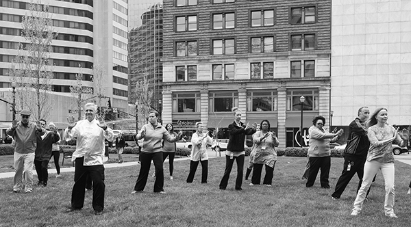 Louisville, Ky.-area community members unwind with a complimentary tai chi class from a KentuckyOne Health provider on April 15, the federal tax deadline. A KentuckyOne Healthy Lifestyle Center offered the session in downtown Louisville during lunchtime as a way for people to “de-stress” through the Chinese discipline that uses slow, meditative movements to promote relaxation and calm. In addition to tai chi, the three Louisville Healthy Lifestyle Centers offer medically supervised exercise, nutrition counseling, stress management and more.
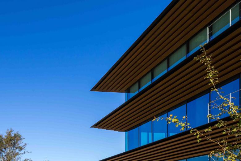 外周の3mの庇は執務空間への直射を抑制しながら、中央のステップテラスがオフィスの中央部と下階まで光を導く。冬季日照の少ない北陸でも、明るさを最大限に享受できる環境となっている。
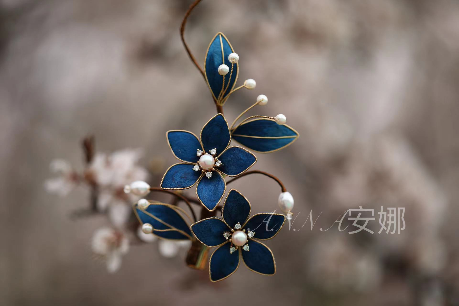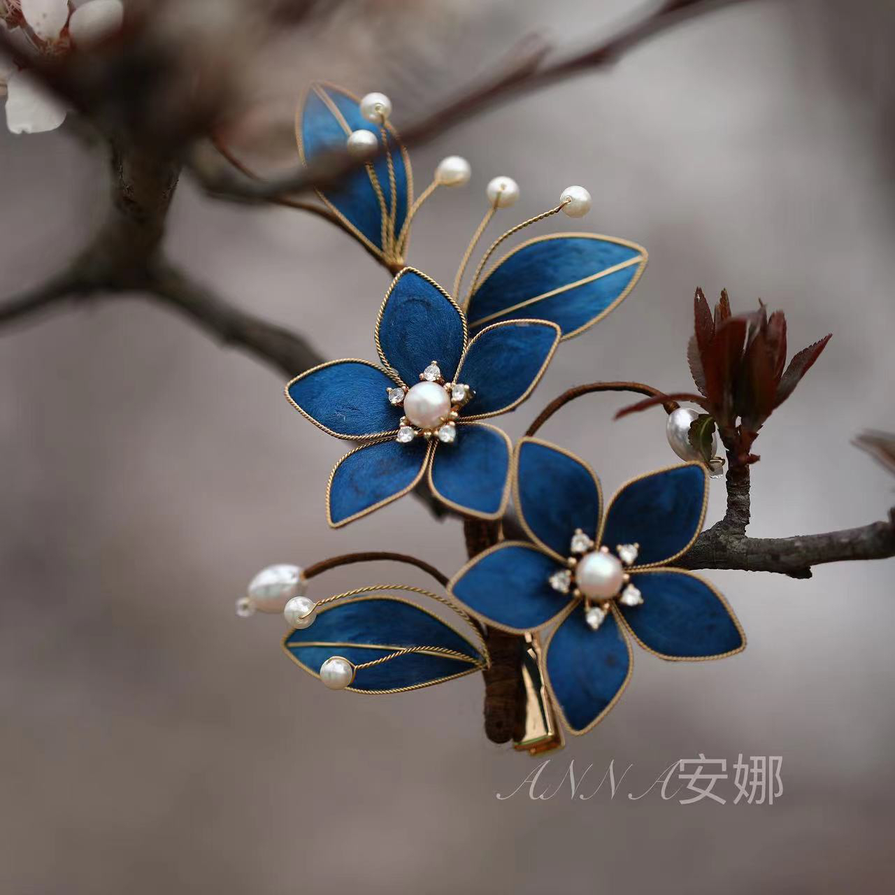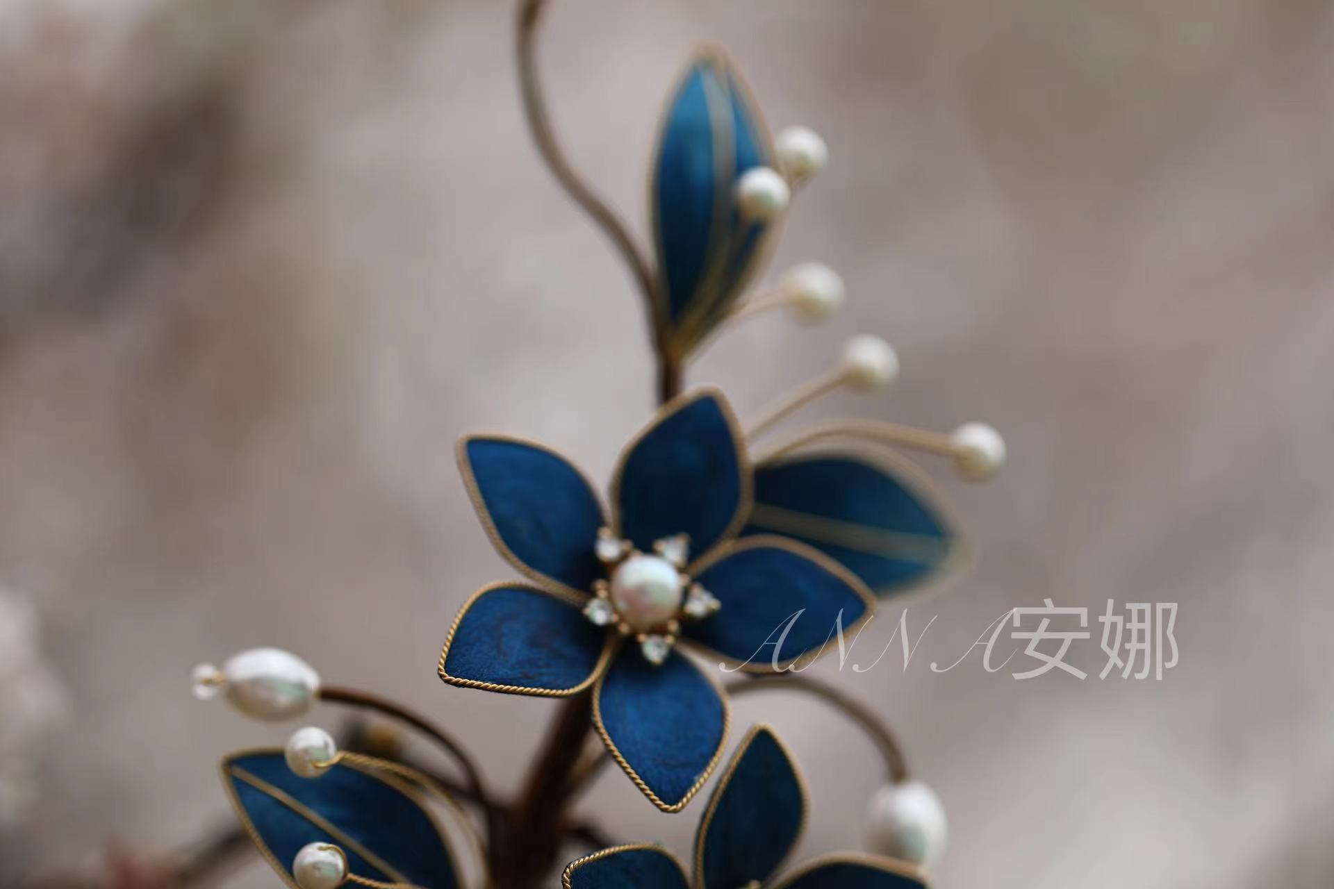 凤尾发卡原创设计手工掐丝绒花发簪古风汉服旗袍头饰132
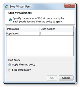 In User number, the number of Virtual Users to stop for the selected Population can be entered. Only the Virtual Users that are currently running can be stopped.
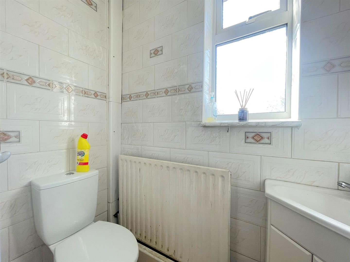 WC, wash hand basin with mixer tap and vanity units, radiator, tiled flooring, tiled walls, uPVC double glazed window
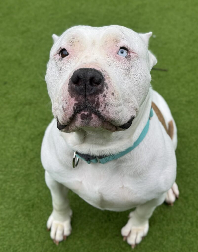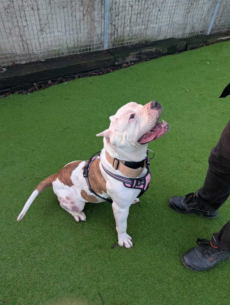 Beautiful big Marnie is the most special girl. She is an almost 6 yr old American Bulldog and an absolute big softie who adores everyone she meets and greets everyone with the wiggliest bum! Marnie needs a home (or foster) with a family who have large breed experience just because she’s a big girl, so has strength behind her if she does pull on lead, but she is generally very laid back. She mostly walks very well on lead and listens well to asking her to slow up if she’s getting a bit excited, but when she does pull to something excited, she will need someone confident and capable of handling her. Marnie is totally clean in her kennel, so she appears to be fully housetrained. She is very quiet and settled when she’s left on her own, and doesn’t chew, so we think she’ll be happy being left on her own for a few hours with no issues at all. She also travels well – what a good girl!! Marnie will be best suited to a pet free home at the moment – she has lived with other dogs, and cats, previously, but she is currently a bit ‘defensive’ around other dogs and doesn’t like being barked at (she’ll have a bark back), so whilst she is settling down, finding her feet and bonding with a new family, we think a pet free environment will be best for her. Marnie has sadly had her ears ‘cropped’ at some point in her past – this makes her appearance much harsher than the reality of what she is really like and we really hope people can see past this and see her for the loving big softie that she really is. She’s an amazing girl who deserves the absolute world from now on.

──────────

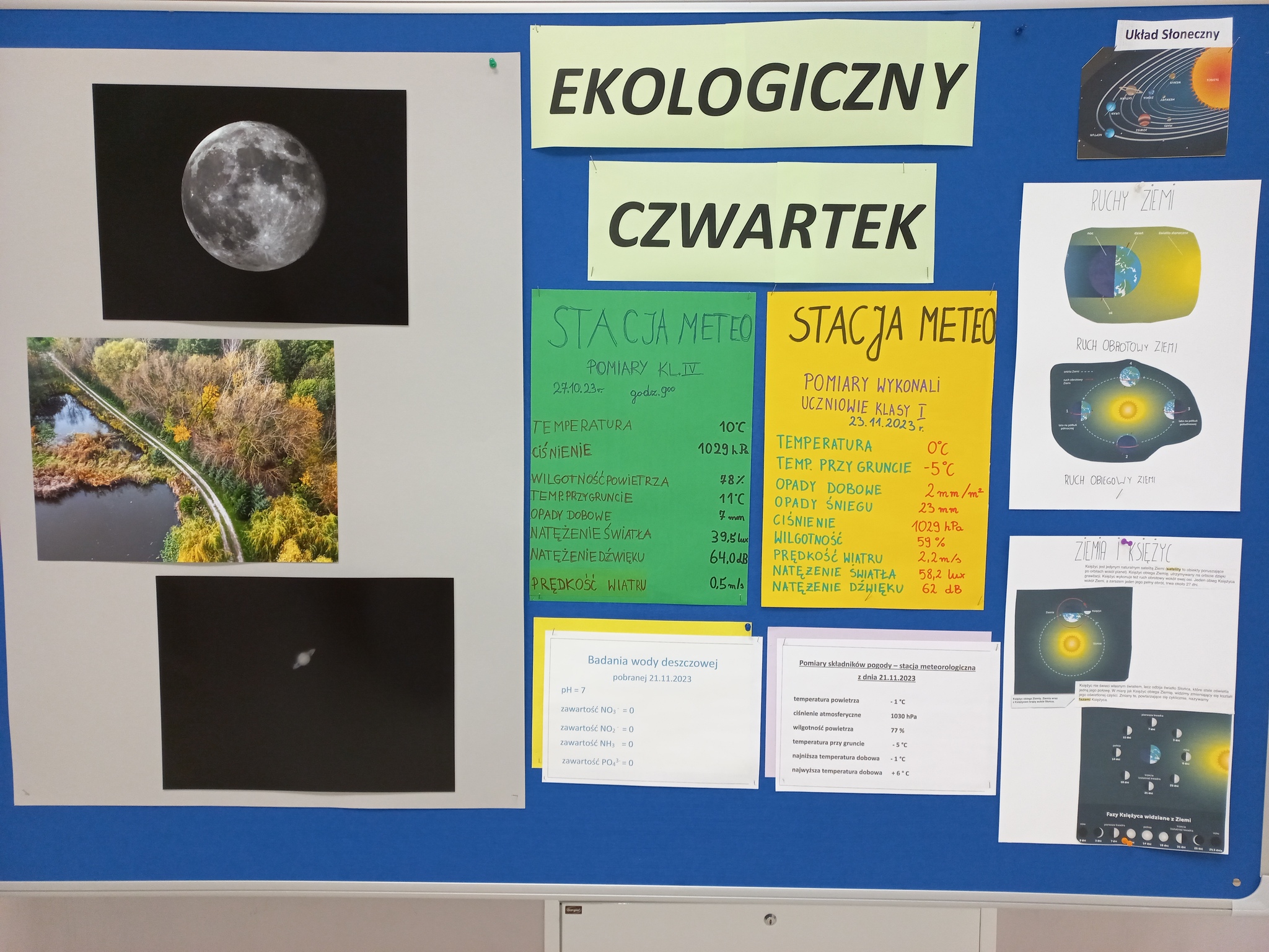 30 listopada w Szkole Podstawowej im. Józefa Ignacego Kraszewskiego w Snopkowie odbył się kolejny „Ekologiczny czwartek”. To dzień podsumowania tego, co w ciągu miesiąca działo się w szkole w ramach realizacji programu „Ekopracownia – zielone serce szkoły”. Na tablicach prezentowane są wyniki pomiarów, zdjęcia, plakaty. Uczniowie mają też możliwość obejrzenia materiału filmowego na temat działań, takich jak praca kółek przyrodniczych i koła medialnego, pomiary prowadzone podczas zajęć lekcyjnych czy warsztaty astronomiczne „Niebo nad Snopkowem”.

──────────

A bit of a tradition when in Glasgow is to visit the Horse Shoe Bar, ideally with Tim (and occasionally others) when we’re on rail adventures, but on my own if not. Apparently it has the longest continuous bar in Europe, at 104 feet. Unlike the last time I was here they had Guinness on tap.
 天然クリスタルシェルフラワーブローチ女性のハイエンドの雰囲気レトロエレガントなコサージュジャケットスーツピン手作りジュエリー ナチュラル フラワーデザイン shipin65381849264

──────────

→ **What to work on**
In the entries above, find the line containing "外周の3mの庇は執務空間への" and the line containing "WC, wash hand"; give again exactly those two lines and every line between them, minus the pictures.

→ **Response for this exercise**
 外周の3mの庇は執務空間への直射を抑制しながら、中央のステップテラスがオフィスの中央部と下階まで光を導く。冬季日照の少ない北陸でも、明るさを最大限に享受できる環境となっている。
 凤尾发卡原创设计手工掐丝绒花发簪古风汉服旗袍头饰132
 In User number, the number of Virtual Users to stop for the selected Population can be entered. Only the Virtual Users that are currently running can be stopped.
 WC, wash hand basin with mixer tap and vanity units, radiator, tiled flooring, tiled walls, uPVC double glazed window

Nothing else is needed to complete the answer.